I leaned back in my chair as far as I could and stretched the arm holding my blocks. I could still see the imperfections.
“Are you sure that isn’t another lie we tell ourselves?” I asked.
Bernie leaned back in her seat. “Speaking of lies, I think it’s interesting that the other sheriff said the girl killed herself.”
“Don’t start that again,” Eleanor said. “It’ll only encourage her.” She nodded toward me.
“It will not,” I defended myself. “Besides, I thought of that. He didn’t realize that Jesse had already told me it wasn’t a suicide.”
Bernie nodded. “I just don’t like the idea of Jesse having his investigation interfered with by an outsider. I think he’s trouble, that sheriff.”

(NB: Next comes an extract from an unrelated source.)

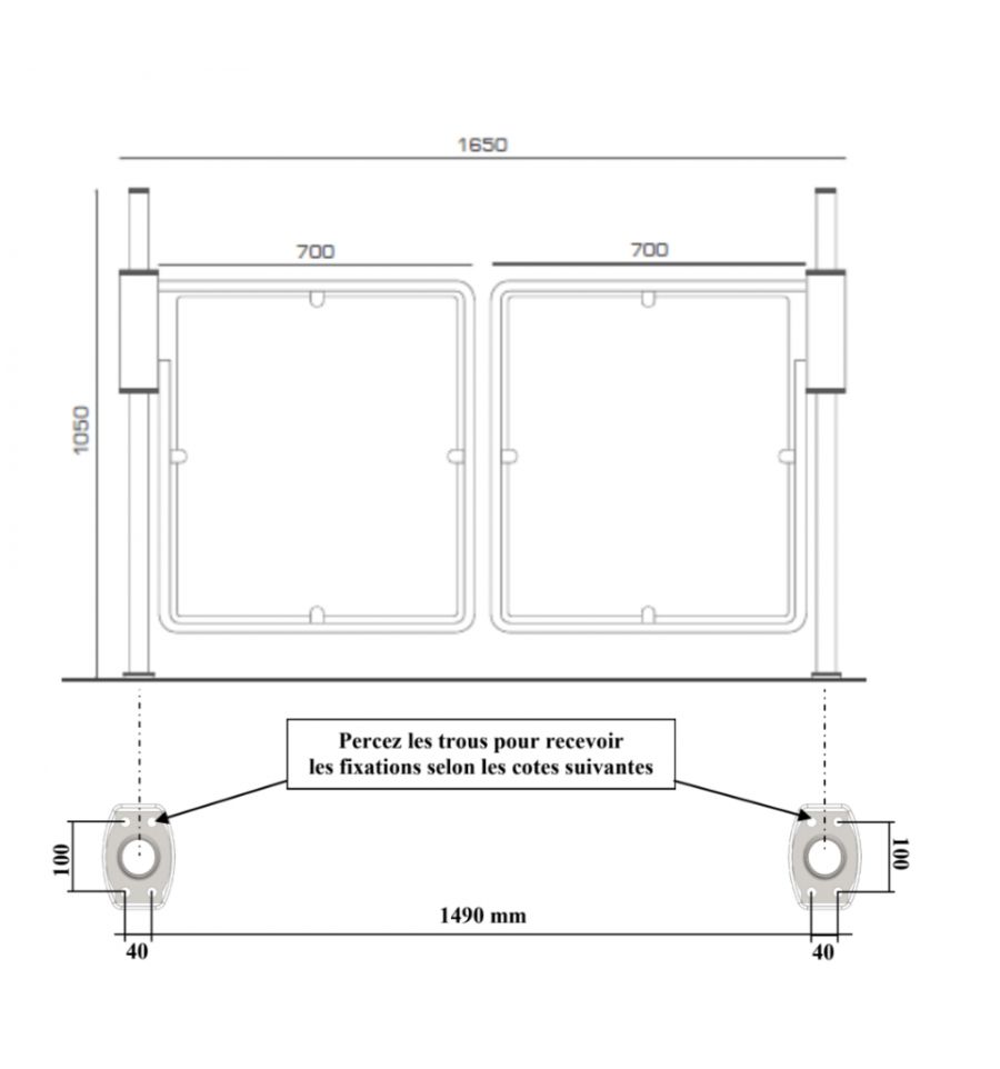 - Largeur du portillon : 700 mm

“Is that a psychic prediction?” Susanne laughed. Bernie often talked about her psychic abilities but rarely was able to demonstrate them.
Bernie leaned forward toward Susanne. “Mark my words,” she said. “This is the beginning of more trouble.”
“That’s enough about dead girls and police officers,” Eleanor declared. “Honestly, you would think we got together to gossip.”
“God forbid,” Natalie said, laughing, “when we really get together to dissect Nell’s love life.”
“Then why do we bother bringing fabric and thread?” I asked.
“It’s our cover, in case the police bust in.” Bernie smiled. “Who would suspect a bunch of quilters to be up to no good?”
CHAPTER 5
E
leanor was quiet the entire way back to her house, which made me a little suspicious. When we pulled up in front of it, she didn’t get out. Instead she stared out the window into the clear night sky.
“I agree with Bernie,” she said nearly in a whisper.
“About what?”
“About you staying out of the investigation. You have nothing to do with this case.”
“I don’t think that’s what Bernie said,” I laughed.
“I won’t split hairs with you, Nell,” Eleanor snapped. “I’m telling you to stay out of it.”
I was about to point out that I was, in fact, a grown woman and therefore too old to send to my room. But I saw the worry in her eyes and softened my approach. I took her hand and held it. Though her hands were wrinkled and covered with spots, they were strong and beautiful. They had made thousands of meals, hundreds of quilts, held her children and grandchildren, and survived more than seventy years of life. Next to hers, my hands, though unblemished and youthful, didn’t seem nearly as lovely.